That’s kind of Huston’s M.O. — rescue and refuge. “I never had children of my own,” she said. “It freed me up to do other things, but now I like creating a place for others to come. It’s about the joy of seeing something grow and becoming its temporary proprietor. I don’t know if the land is ever truly ours, but we are the gatekeepers, the guardians, and the point is to leave a place better than you found it.”

Huston smells a rose clipped from her garden. “My friends laugh at me for trying to create an English garden at 4,000 feet in the Rockies, and I quite agree,” says the actress. “It’s completely insane because all I do is replant roses.”
(Ricardo DeAratanha / Los Angeles Times)

In the garden

Favorite tool: Corona classic hand pruners, which Huston calls by their British name: secateurs. She has several pairs, says ranch caretaker Blake Bashoff, “and when Anjelica’s at the ranch, all you hear is clip, clip, clip, clip.”

Can’t-be-without garden item: A sturdy, long-handled Razorback shovel. “I love to dig holes. There’s something incredibly connecting about making holes in the dirt and putting things in there…. You make a hole and put your heart in it.”

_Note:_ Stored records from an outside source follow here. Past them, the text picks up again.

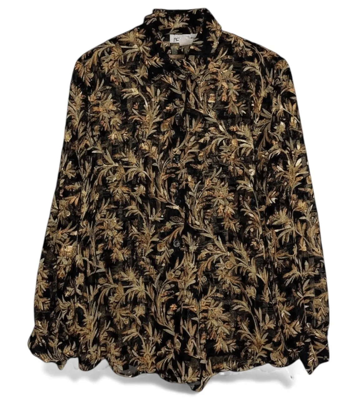 Drape yourself in the enchanting allure of this Richard Kristall blouse, a wearable work of art that whispers tales of sophisticated glamour. Its intricate floral tapestry, woven with threads of shimmering gold against a deep black canvas, creates a mesmerizing visual dance that captures the light with every movement. The sheer fabric offers a delicate allure, perfect for adding a touch of refined elegance to your ensemble. Imagine the envious glances as you grace a formal dinner or a chic evening out, feeling utterly captivating. This blouse also transitions beautifully to a stylish brunch or a refined cocktail party, ensuring you're always the epitome of grace. Measurements: • Armpit to Armpit: 24 inches • Length: F27 029 inches Type: Blouse Department: Women Material: Polyester Blend Neckline: Collared Sleeve Length: Long Sleeve Sleeve Type: Classic/Fitted Sleeve Pattern: Floral Accents: Button Theme: Bohemian, Elegant, Glamour Features: Sheer, Unlined, Button-Up, Collared Fit: Classic Keywords: Richard Kristall, Black Gold Floral, Sheer Blouse, Long Sleeve Shirt, Button Up Top, Women's Fashion, Elegant Top, Evening Wear, Occasion Blouse, Designer Shirt, Vintage Style, Romantic Blouse, Luxe Fabric, Artistic Print, Glamorous Top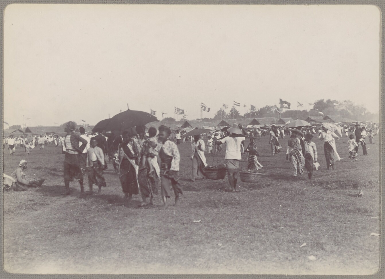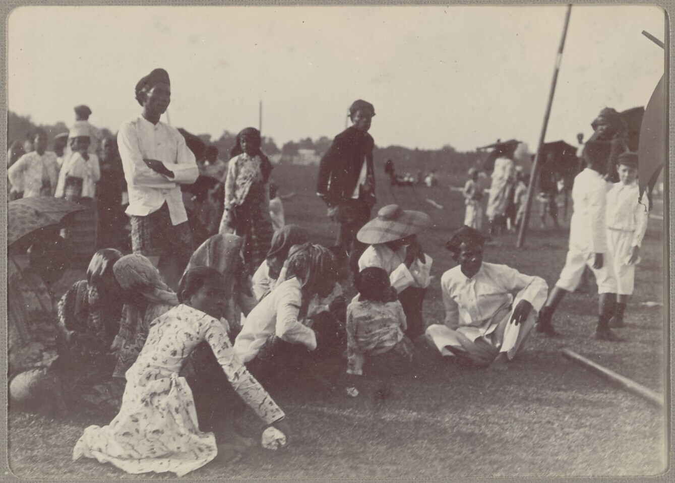 Groepsportret van Javanen verzameld op een open veld...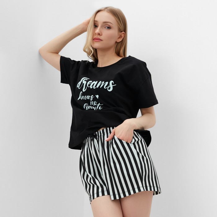 Пижама женская (футболка, шорты), размер 44, цвет чёрно-мятная полоска — Характеристики
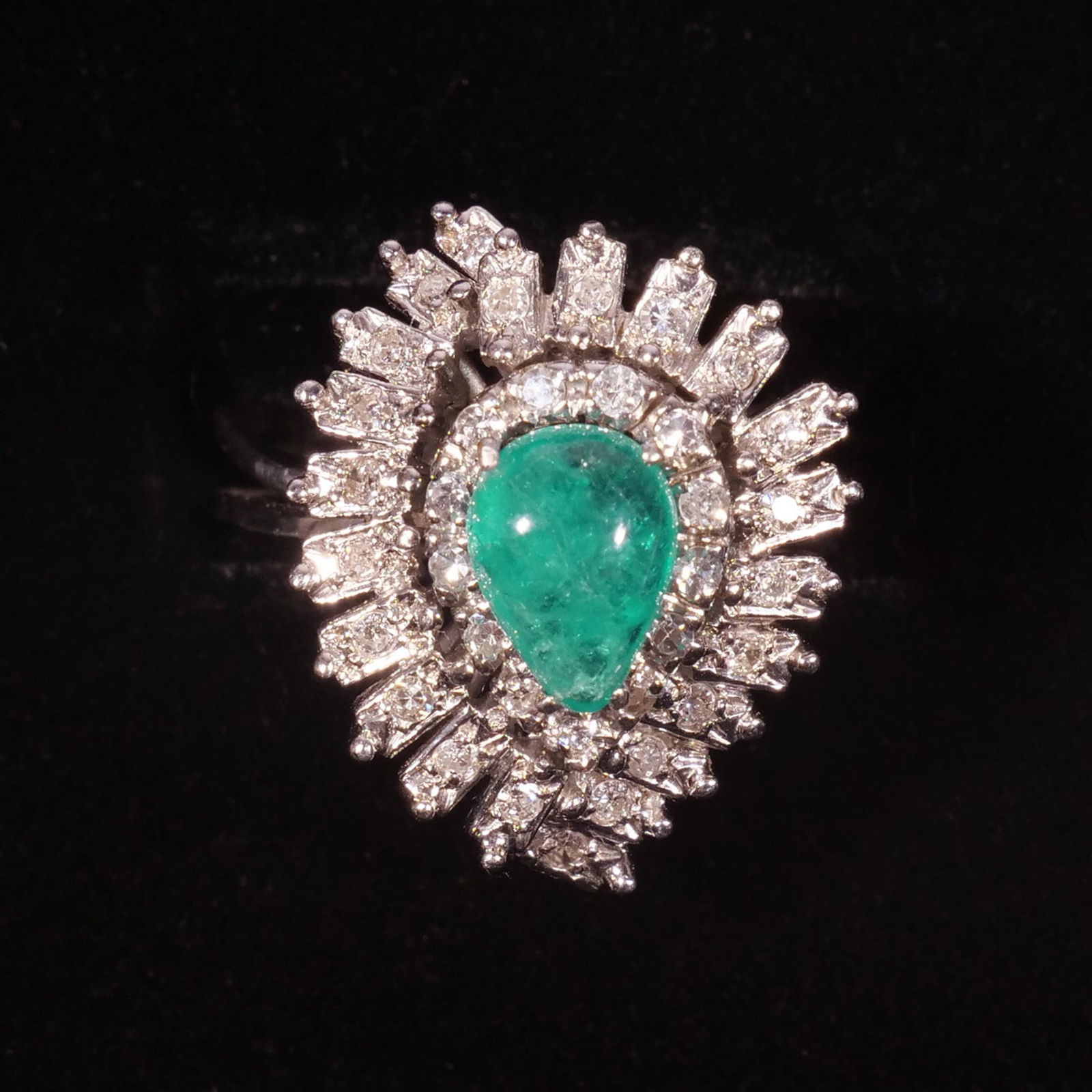 EMERALD CABOCHON, DIAMOND, & WHITE GOLD RING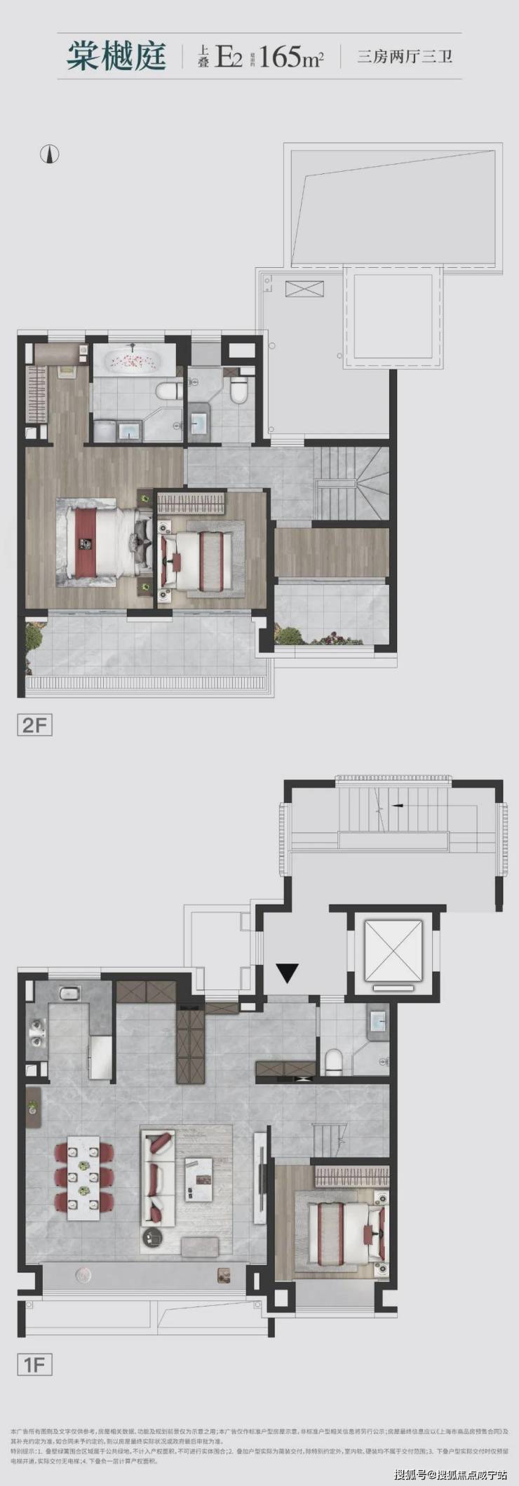 建面约165㎡上叠,户型设计也是可圈可点: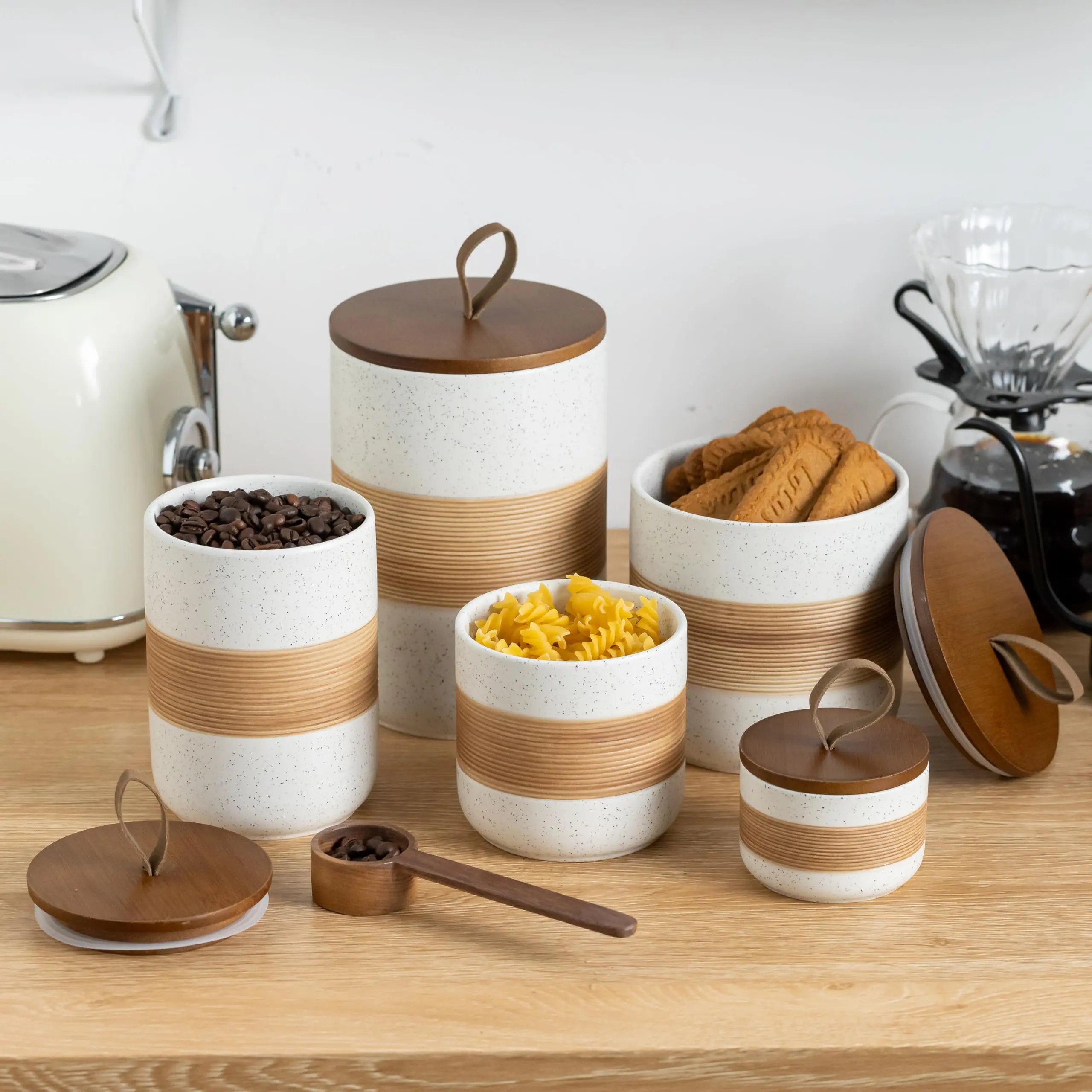 ·Stackable & Space Saving: Five ceramic jar with lid of different sizes can be stacked together, and their compact design also saves kitchen space, making the kitchen more tidy and orderly. Meanwhile, it is easy to carry for outdoor picnics or camping

Favorite thing to grow: Anything that blooms, but especially roses, for their fragrance and color. “I like to be able to go out to the garden, cut roses and put them in a bowl. What’s better than that?”

Favorite shopping place: Luis’ Nursery in Visalia, about 30 miles west of her ranch. “I stop there every time we come up, or I get an itch to go into town. They always have something I want, and it’s so much more satisfying than Rodeo Drive ... and economical.”